民間ディベロッパーのプロジェクトは、市場経済の自由な運動ではなく、都市再生を推進する国策から産出された。都市計画・建築規制の大胆な緩和、とくに容積率上限の大幅な引き上げ、国公有地の払い下げ、道路基盤などの公共施設の整備、住宅購入支援、金融緩和による不動産投資刺激などの多岐にわたる施策手段が大規模開発を可能にした。都市再生は、新自由主義の影響下で、民間資本の大がかりな導入をともない、より自由な市場経済にもとづくとされていたが、しかし、ディベロッパーに対する国家の寛大な援助と保護を抜きにして成り立たなかった。(1)
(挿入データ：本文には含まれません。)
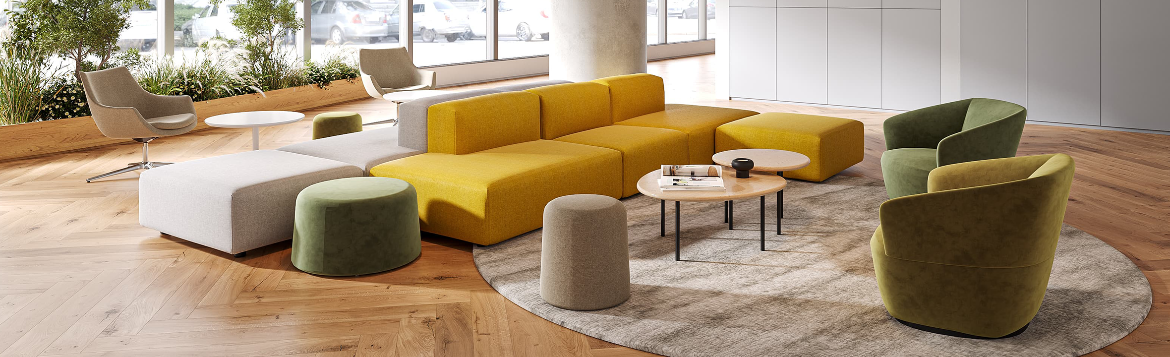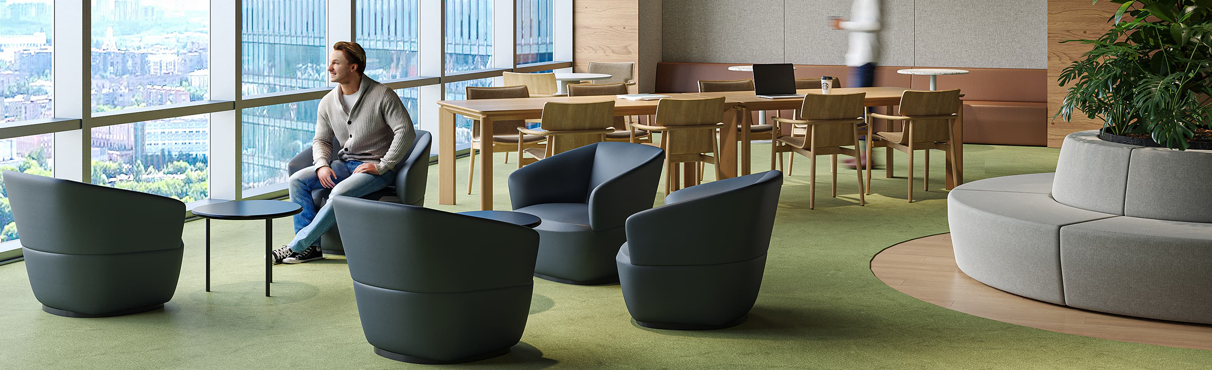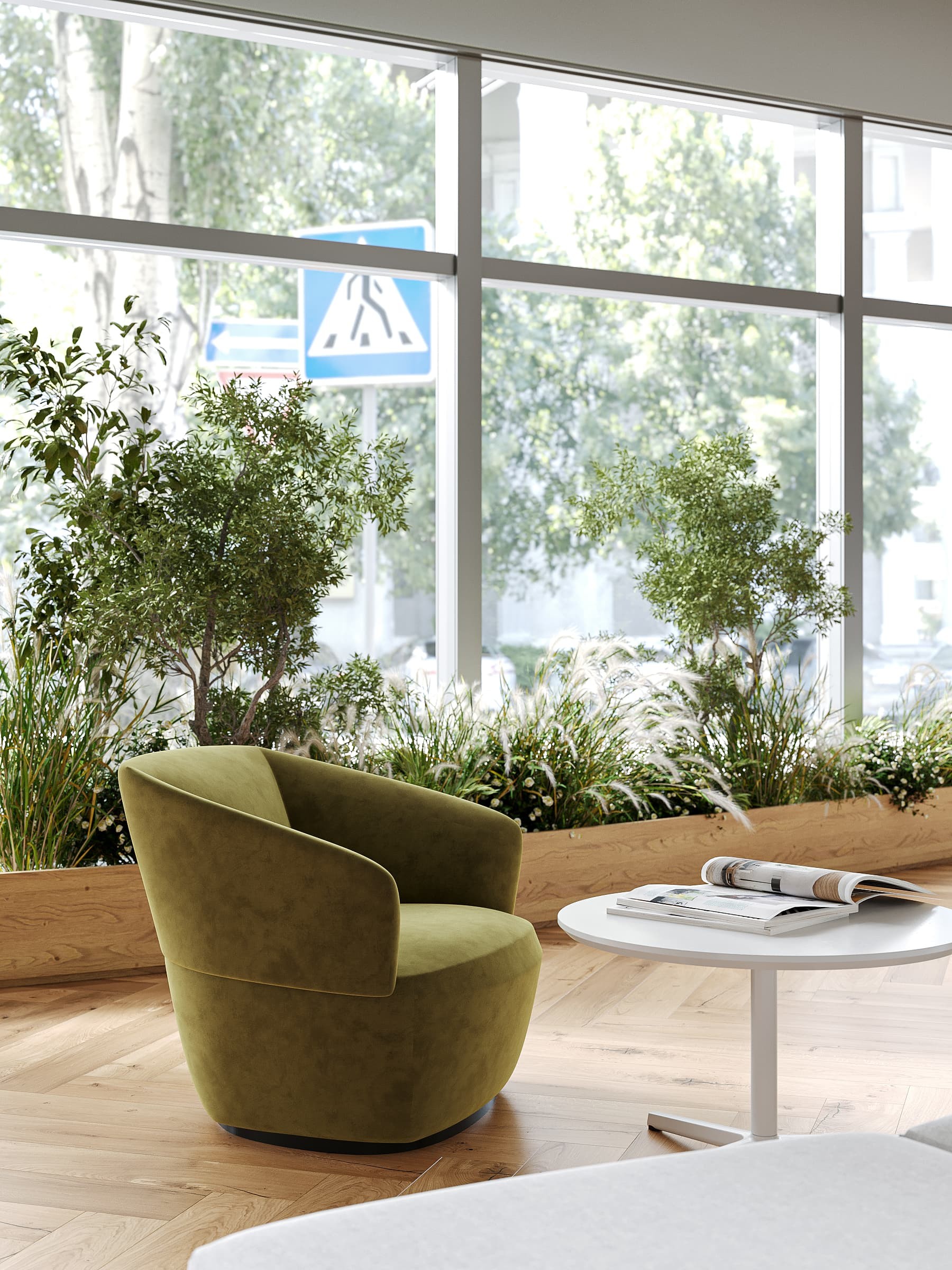 Frame: P2 plywood, Solid pine wood Filling: High resilience foam, Non-woven fabric, Upholstery batting Inside: Elastic webbing Base: ø500*8 Steel plate (Bottom: Felt pad (5mm), Swivel 180°, with Return)
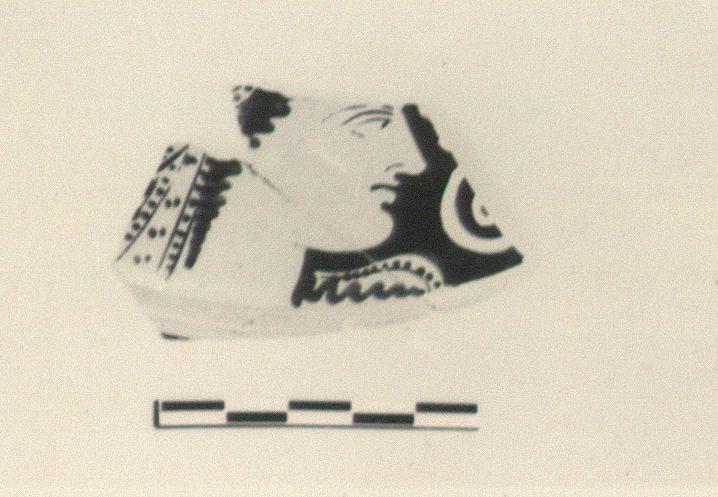 | Description: | (a) Fragment from top, set off from wall by two unglazed grooves. Large-scale head, with long curls and a dotted tiara, to right; at right edge, part of a spiral ornament. Thin metallic glaze. ADDENDA Three more non-joining fragments giving most of another woman's head wearing sakkos, earring and necklace, left. b) Upper part of face and part of the sakkos. c) Lower half of the face and part of floral ornament in front of it. d) Part of hair, earring, sakkos and neck; tiny part of ornament behind the head. | |
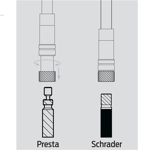 For Presta: Unscrew two parts of valve connector completely from each other. Then pull the connector out. Screw outer most piece of valve connector only onto Presta valve.

 つまり、東京の高層マンション建設は政府が牽引したのである。このことは、1990年代から喧伝されたグローバル化の影響から、東京を「世界都市」にするという構想によって実施された。グローバル化は、民間企業を国家のしがらみから解放し、国際的に統一された市場で自由に競争しようという世界観に寄ってたっている。けれども、その世界観から生まれるはずだった東京の姿は、つよい国家の介入があってつくり出されたものであったという事実は、なんとも皮肉な話である。


【参考文献】
(1) 平山洋介『マイホームの彼方に 住宅政策の戦後史をどう読むか』(2020)
  その他、基本的には平山の同著を参考にしている。